In vielen anderen EU-Ländern wird die Börsenumsatzsteuer nach wie vor erhoben, darunter auch in Großbritannien als einem der weltweit größten internationalen Finanzplätze. Wie bereits im Antrag erwähnt, beträgt die Börsenumsatzsteuer in Großbritannien 0,5 Prozent, in dem häufig als “Steuerparadies” bezeichneten Irland 1 Prozent, in Finnland 1,6 Prozent (International Bureau of Fiscal Documentation, IBFD, The Taxation of Companies in Europe, Internationale Kennzahlen, 2005).

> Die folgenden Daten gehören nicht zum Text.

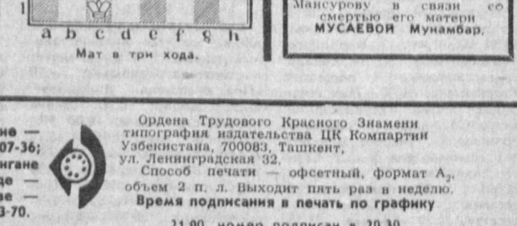
Мат в три кода.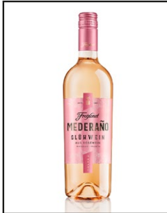
Freixenet Mederaño Glühwein rosé

Abdruck honorarfrei, Copyright: Henkell Freixenet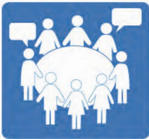
Demokratie und Beteiligung

Die Bürger in Deutschland fühlen sich nicht mehr ausreichend in der Regierungsarbeit vertreten und wünschen eine direkte Beteiligung. Durch das Gefühl der Machtlosigkeit („Die machen ja sowieso, was sie wollen“) entsteht eine immer größere Politikverdrossenheit. Um dies zu ändern, fordern wir Bürger ein Bürgerforum! Hier sollen transparente Information und direkte Beteiligung möglich sein, die gesetzlich geregelt sind und die die Demokratie stützen und verbessern.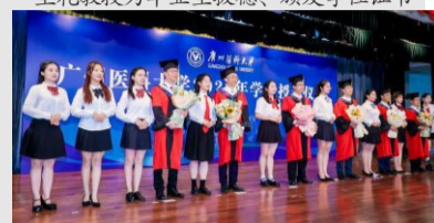
学生代表为老师们献花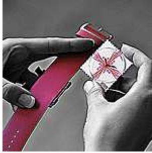
2. Aseta S.T.A.M.P.S kello vasen reuna edellä pidikkeen kahteen koukkuun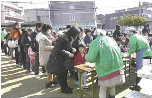
多くの人で賑わう 新町

公園内には、テントやテーブル、椅子が設営されました。新町子ども会と子ども民謡クラブの太鼓演奏・唄もありました。新町以外の参加者もあり、賑わっていました。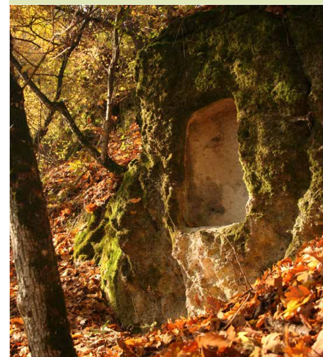
Fülke a Vén-hegyen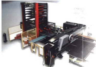
レーザ・パンチ複合加工機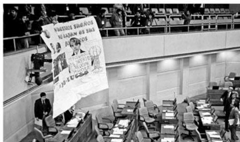
Estudiantes se manifestaron con lienzos durante la votación en la Cámara Baja.

dados de que el lucro -dijo que se perdió una batalla, pero no la guerra y anunció que van a seguir luchando para terminar el lucro en la educación superior.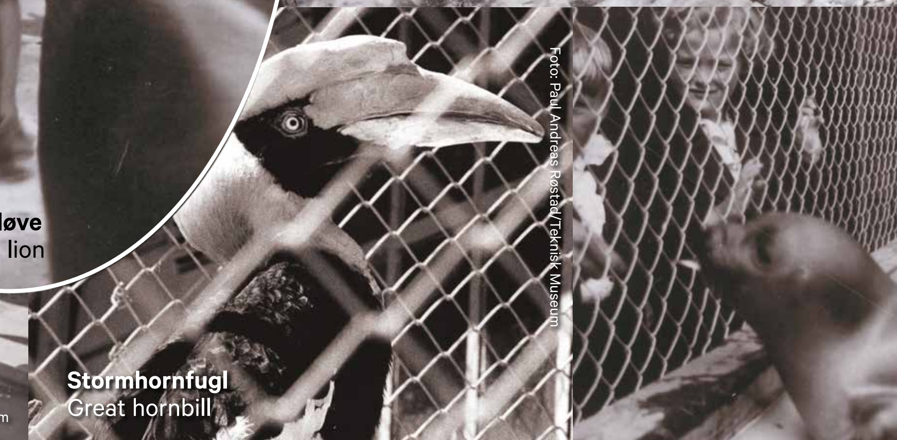
Stormhornfugl Great hornbill

Ja, selbst bei Herrn Bush und seinen erzkonserativen Republikanern muss man seine Börsenumsätze versteuern.
Jeder Wahlberechtigte sollte, wenn er dem Austausch von Argumenten der Gegner und der Fürsprecher der Börsenumsatzsteuer folgen will, auch wissen, dass die Londoner Börse gemessen am durchschnittlichen Tagesumsatz – trotz der dort erhobenen Börsenumsatzsteuer zuletzt um mehr als zehn Prozent gewachsen ist (World Federation of Exchanges, Report on Statistics 2005, März 2006, S. 76), was ebenfalls im vorerwähnten Papier dargelegt wird.
Die im “Kohlschen Gesetzentwurf” zur Aufhebung der Börsenumsatzsteuer angeführte Behauptung, Kapitalverkehrssteuern behindern in einer modernen Volkswirtschaft die Mobilität des Finanzkapitals und stellen deshalb Störfaktoren für den Wirtschaftsablauf dar, wird auch heute noch als Totschlagargument gegen die Wiedereinführung einer Börsenumsatzsteuer genutzt.

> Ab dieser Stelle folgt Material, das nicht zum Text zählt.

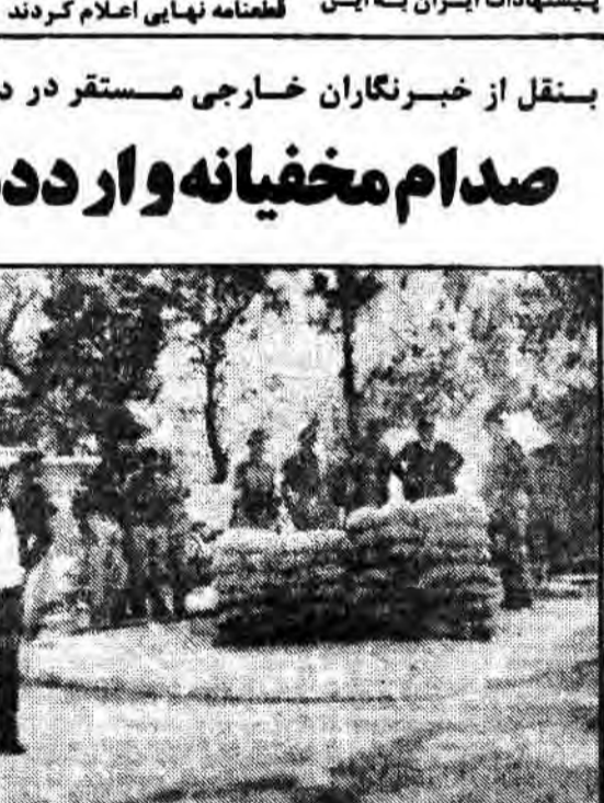
مردوان صدام سفارتخانه عراق در دهلی نو را سرنگرندی کرده‌اند.

خبرنگاران خارجی مستقند که صدام همراه ۱۵۰ کماندوی عراقی مخفیانه وارد هند شده و در سفارتخانه این کشور مخفی گردیده است.

Nach den Worten von Gysi und Lafontaine ist jedoch Fakt, dass Deutschland heute – gemessen an der Börsenumsatzsteuer – keinen Wettbewerbsnachteil hat, sondern lediglich andere Finanzplätze unterboten werden.
Der Vorschlag der „Linken“, die Rechnung von Gysi + Lafontaine sieht folgendermaßen aus:
Die Kapitalmarktstatistik der Deutschen Bundesbank weist für das Jahr 2005 Börsenumsätze von insgesamt 3,8 Bio. Euro aus. Hätten wir eine Börsenumsatzsteuer von einem Prozent auf alle Wertpapiertransaktionen, würde dies einer Steuereinnahme von 38 Mrd. Euro entsprechen. Wenn man unterstellt, dass die Erhebung einer solchen Steuer zu einer deutlichen Verminderung der kurzfristigen spekulativen Käufe und Verkäufe führen würde (Lenkungseffekt), kann dennoch mit einem Steueraufkommen von etwa 30 Mrd. Euro gerechnet werden.